Creo, pues, que la misión de FaneIli, limitada a la Barcelona puramente obrera, hubiera fracasado, mientras que en Madrid fundó un verdadero apostolado que, aun sin conseguir la organización de los trabajadores madrileños, ni siquiera modificar en nada sus detestables costumbres ha difundido por todas partes la propaganda y ha fijado la atención de la burguesía política central y del proletariado de provincias, definiendo las ideas y destruyendo preocupaciones con periódicos sostenidos casi sin interrupción desde La Solidaridad en 1870, pasando por La Emancipación, El Condenado, El orden (clandestino), La Revista Social, La Bandera Roja, La Anarquía, hasta La Idea Libre en 1896, siendo herederos de aquella brillante pléyade periodística, donde se destaca en primer término un nombre, Ernesto Alvarez, La Revista Blanca y su Suplemento, creado y sostenido por elementos diferentes, aunque con idéntico objetivo, bajo la dirección de los buenos anarquistas Juan Montseny (Federico Vrales) y Teresa Mañé (Soledad Gustavo).

Reuníase frecuentemente el núcleo organizador de La Internacional en un gran local de la calle de Valencia, cerca del portillo del mismo nombre, destinado a almacén de materiales de festejos públicos del Ayuntamiento, cuyo conserje, el compañero Jalvo, entusiasta internacional por entonces, nos permitía las reuniones, incurriendo por ello en responsabilidad que hubiera podido comprometerle.

Los que en aquel primer tiempo se agitaban más eran los republicanos, que a todo trance querían aprovechar el movimiento proletario para beneficiar a su partido.
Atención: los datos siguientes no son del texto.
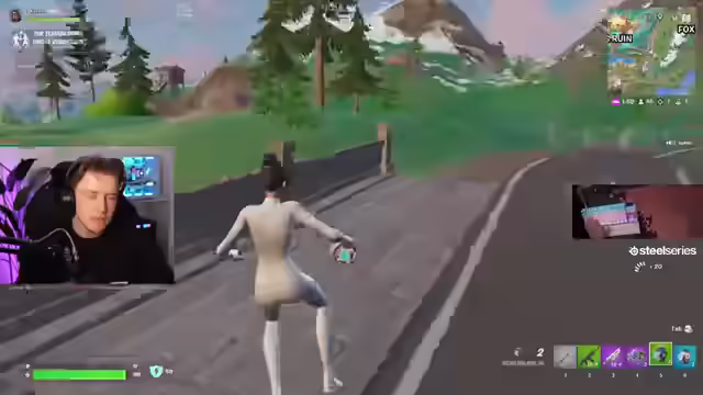 03:06:39Es wird ein spontanes Hide and Seek-Event im neuen Delulu-Modus mit Zuschauern organisiert. Die Zuschauer sollen sich in Rangers Ruin verstecken. Der letzte Überlebende erhält 1000 V-Bucks. Der Streamer macht sich auf die Suche nach den versteckten Zuschauern und kommentiert dabei das Versteckverhalten der Teilnehmer. Einige Spieler werden entdeckt und eliminiert, während andere sich geschickt verbergen oder sogar versuchen, mit Rifts zu entkommen. Es kommt zu humorvollen Interaktionen und unerwarteten Wendungen, während der Streamer versucht, die verbliebenen Spieler aufzuspüren.

Distingúíase entre todos Rubau Donadeu, que buscaba para el núcleo el prestigio de los republicanos de primera fila significados como socialistas y procuraba afiliar a Pí y Margall, a Fernando Garrido, a Suñer y Capdevila, a Guisasola y a otros varios, de los cuales sólo Garrido asistió un día y nos habló de cooperaciÓn y de república con el criterio de sus preocupaciones sociales y políticas.

Rubau nos anunció un día la llegada del diputado obrero por Barcelona, en los siguientes términos:

Tengo el gusto de anunciaros que ha llegado de Barcelona y lo presentaré a este núcleo, mi amigo el diputado Pablo Alsina, obrero, socialista, ateo y materialista.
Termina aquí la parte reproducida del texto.